== Dataset excerpt ==
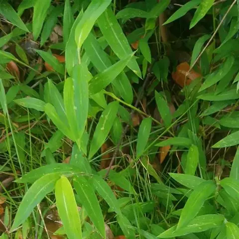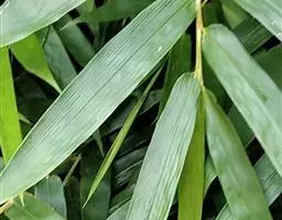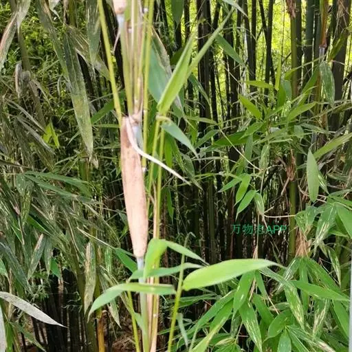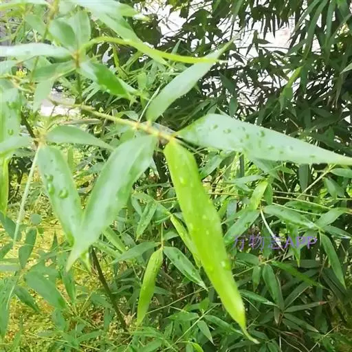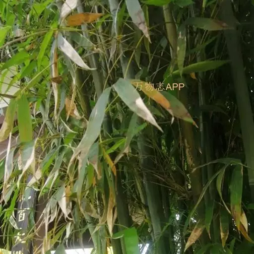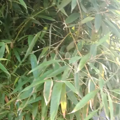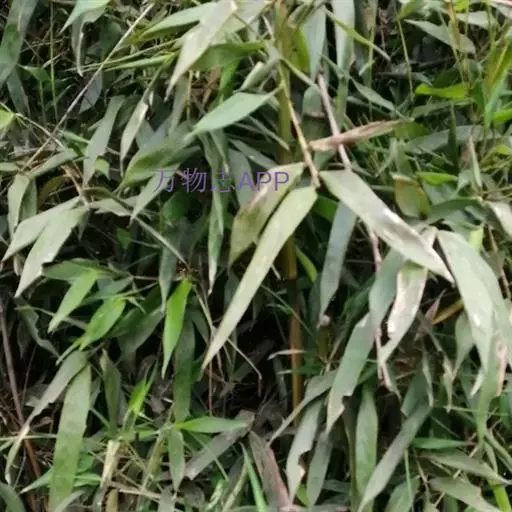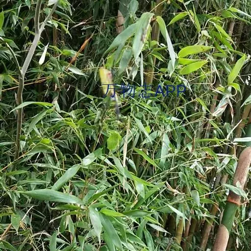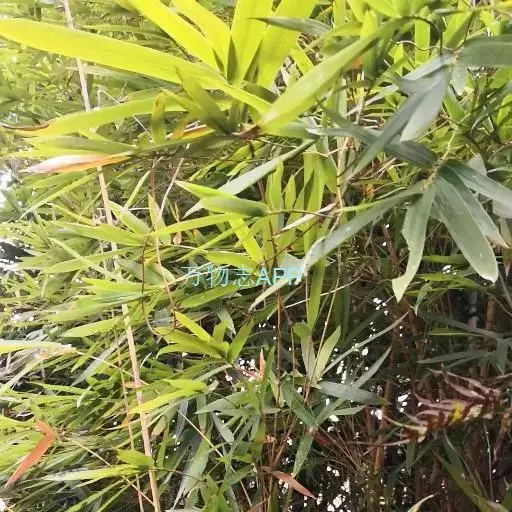 形态特征:多年生竹类,地下茎匍匐,秆高约3m,直径1~l.5m,箨甚长,简期几抱没节间,外表粗糙,具刺毛,不易脱落,节间lO~20cm,上端节上着生细枝,3出或多数,亦具有箨或无箨,叶舌片黑褐色,密生毛茸,假叶长卵形,锐尖头,叶粗革质,平行脉宽2~3m,1小枝叶约l~3枚。叶柄扁平,叶片披针形革质,叶背带粉色,密生短刚毛,尤以渐尖锐尖,楔脚或圆脚,长l0~20cm,宽1.5~2cm,极少开花。
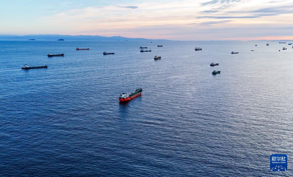 這是11月25日拍攝的停泊在土耳其伊斯坦布爾馬爾馬拉海上的船只(無人機照片)。
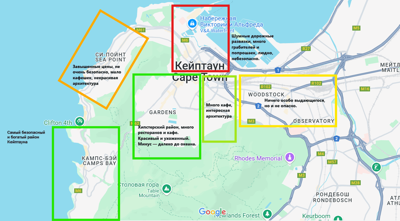 Карта Кейптауна с описанием основных районов. Местные жители благосклонно относятся к туристам, но бывают и исключения. Карту подготовила Диана Добродий
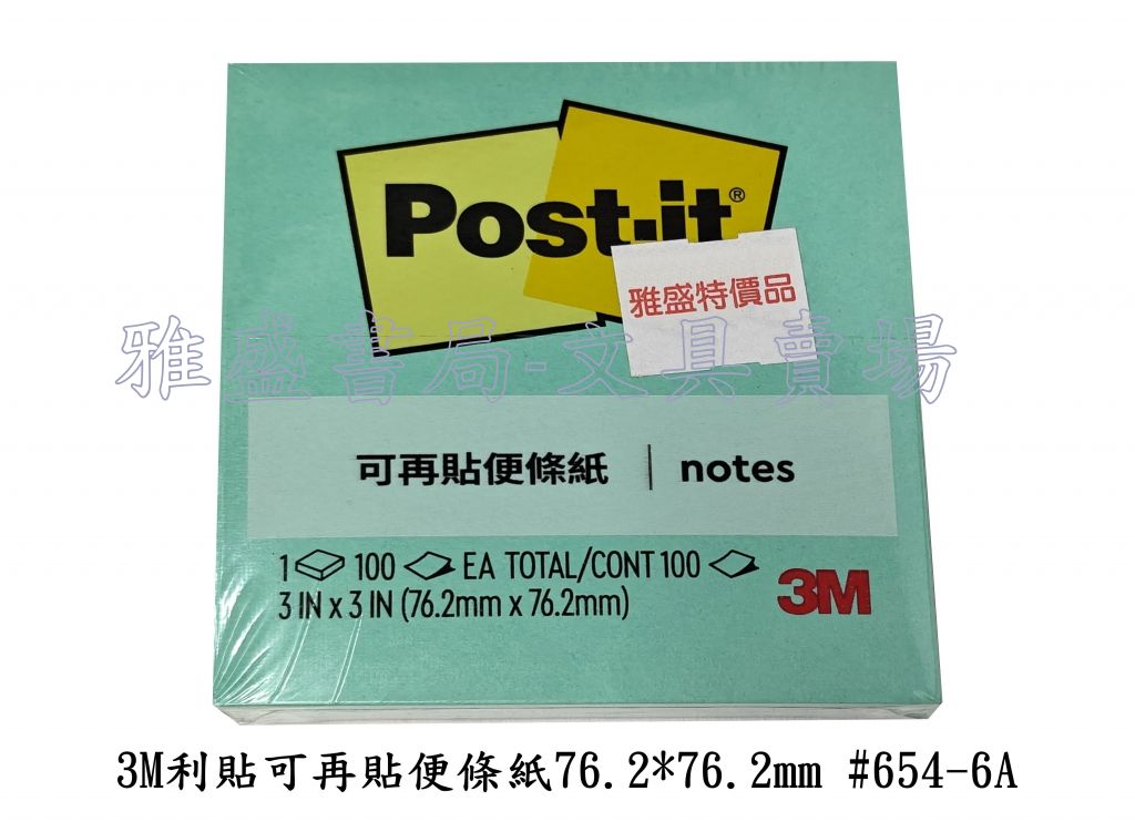 3M利貼可再貼便條紙76.2*76.2mm #654-6A

== Aim of the exercise ==
Starting at the line that contains "Карта Кейптауна с", restate each line verbatim through the final line of the listing, skipping all pictures.

== Exercise output ==
 Карта Кейптауна с описанием основных районов. Местные жители благосклонно относятся к туристам, но бывают и исключения. Карту подготовила Диана Добродий
 3M利貼可再貼便條紙76.2*76.2mm #654-6A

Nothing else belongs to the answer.